Fortunately, there are several effects that make controlled operation of a reactor relatively easy. Most importantly, some of the neutrons involved in the chain reactions are delayed because they come from radioactive decay processes. These delayed neutrons slow the reactor’s response to changes—the chain reactions take time to grow stronger and they take time to grow weaker. As a result, it’s possible for a reactor to exceed critical mass briefly without experiencing the exponentially growing chain reactions that we associate with nuclear explosions. In fact, the only nuclear reactor that ever experienced these exponentially growing chain reactions was Chernobyl. That flawed and mishandled reactor went so far into the super-critical regime that even the neutron delaying effects couldn’t prevent exponential chain reactions from occurring. The reactor superheated and ripped itself apart.

What do the terms critical, sub-critical and super-critical mass really mean?

What do the terms critical, sub-critical and super-critical mass really mean? — JG, Bateman, Australia

Critical, sub-critical, and super-critical mass all refer to the chain reactions that occur in fissionable material—a material in which nuclei can shatter or “fission” when struck by a passing neutron. When this nuclear fuel is at critical mass, each nucleus that fissions directly induces an average of one subsequent fission. This situation leads to a steady chain reaction in the fuel: the first fission causes a second fission, which causes a third fission, and so on. Steady chain reactions of this sort are used in nuclear reactors.

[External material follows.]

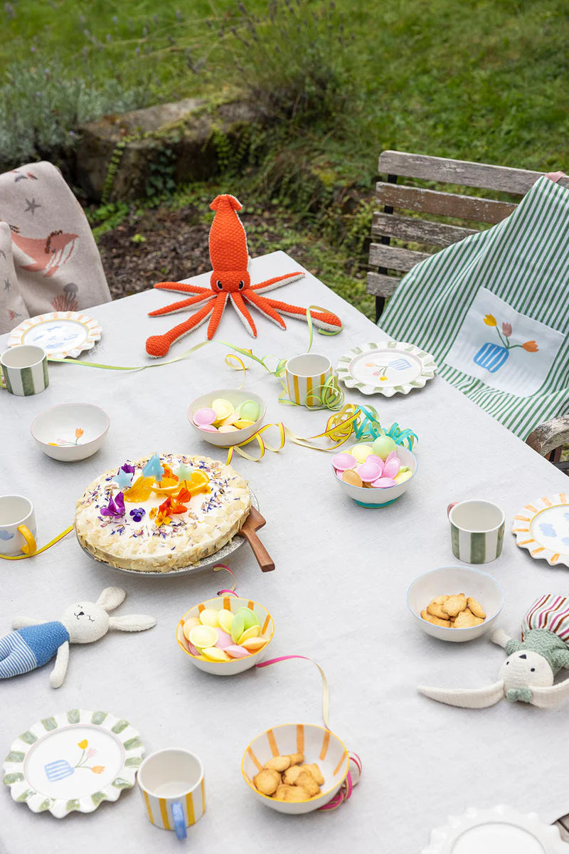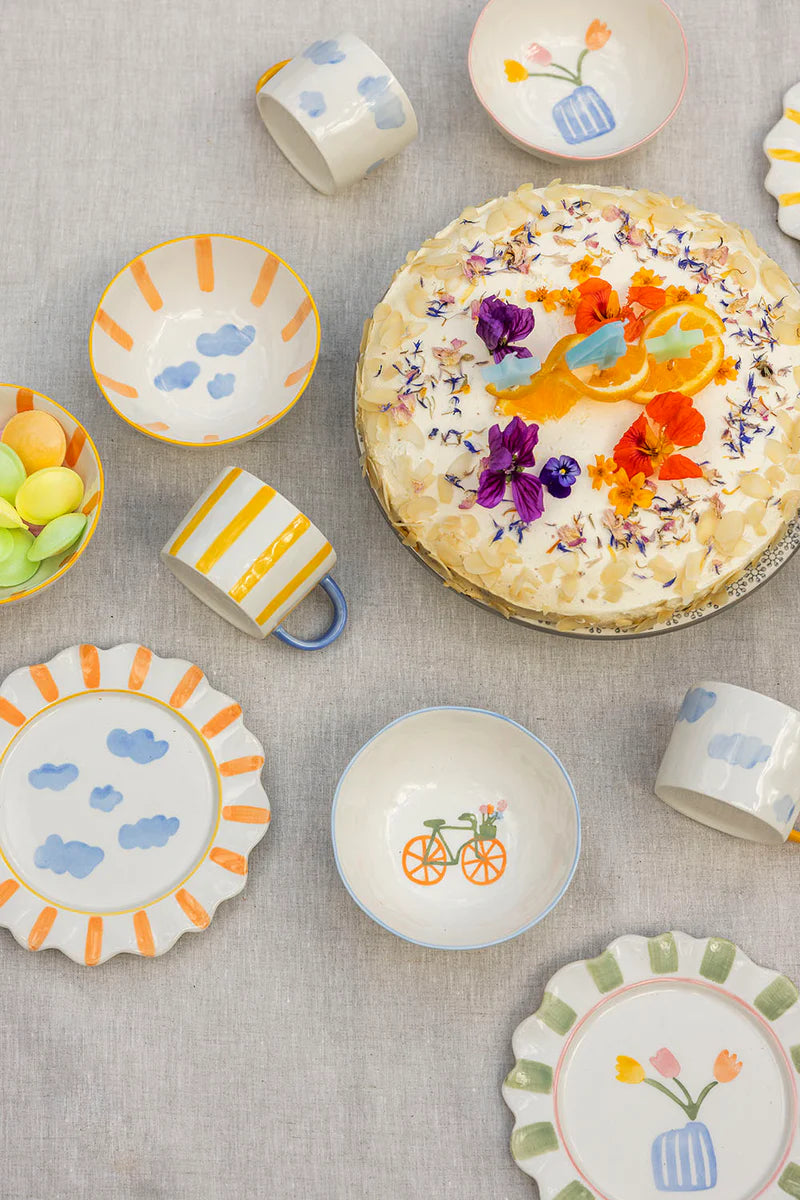 Bilo da se radi o doručku, ručku ili popodnevnom čaju, ovaj ručno oslikani tanjir je pouzdan pratilac malih gurmana tokom cijelog dana. Razigrani motiv oblaka unosi dašak lakoće i mašte na sto, pretvarajući svaki obrok u malu avanturu. Napravljen od čvrste kamene keramike, tanjir može izdržati manje nezgode i posebno je praktičan za svakodnevnu upotrebu jer se može prati u mašini za pranje posuđa.

When the fuel is below critical mass, there aren’t quite enough nuclei around to keep the chain reactions proceeding steadily and each chain gradually dies away. While such a sub-critical mass of fuel continues to experience chain reactions, they aren’t self-sustaining and depend on natural radioactive decay to restart them.

When the fuel is above critical mass, there are more than enough nuclei around to sustain the chain reactions. In fact, each chain reaction grows exponentially in size with the passage of time. Since each fission directly induces more than one subsequent fission, it takes only a few generations of fissions before there are astronomical numbers of nuclei fissioning in the fuel. Explosive chain reactions of this sort occur in nuclear weapons.

What can cause a nuclear weapon to “fizzle”?

What can cause a nuclear weapon to “fizzle”? — WEM, Palo Alto, CA

Almost the instant the nuclear fuel reaches critical mass, it begins to release heat and explode. If this fuel overheats and rips itself apart before most its nuclei have undergone fission, only a small fraction of the fuel’s nuclear energy will have been released in the explosion. There are at least two possible causes for such a “fizzle”: slow assembly of the super-critical mass needed for explosive chain reactions and poor containment of the exploding fuel. A well designed fission bomb assembles its super-critical mass astonishingly quickly and it shrouds that mass in an envelope that prevents it from exploding until most of the nuclei have had time to shatter.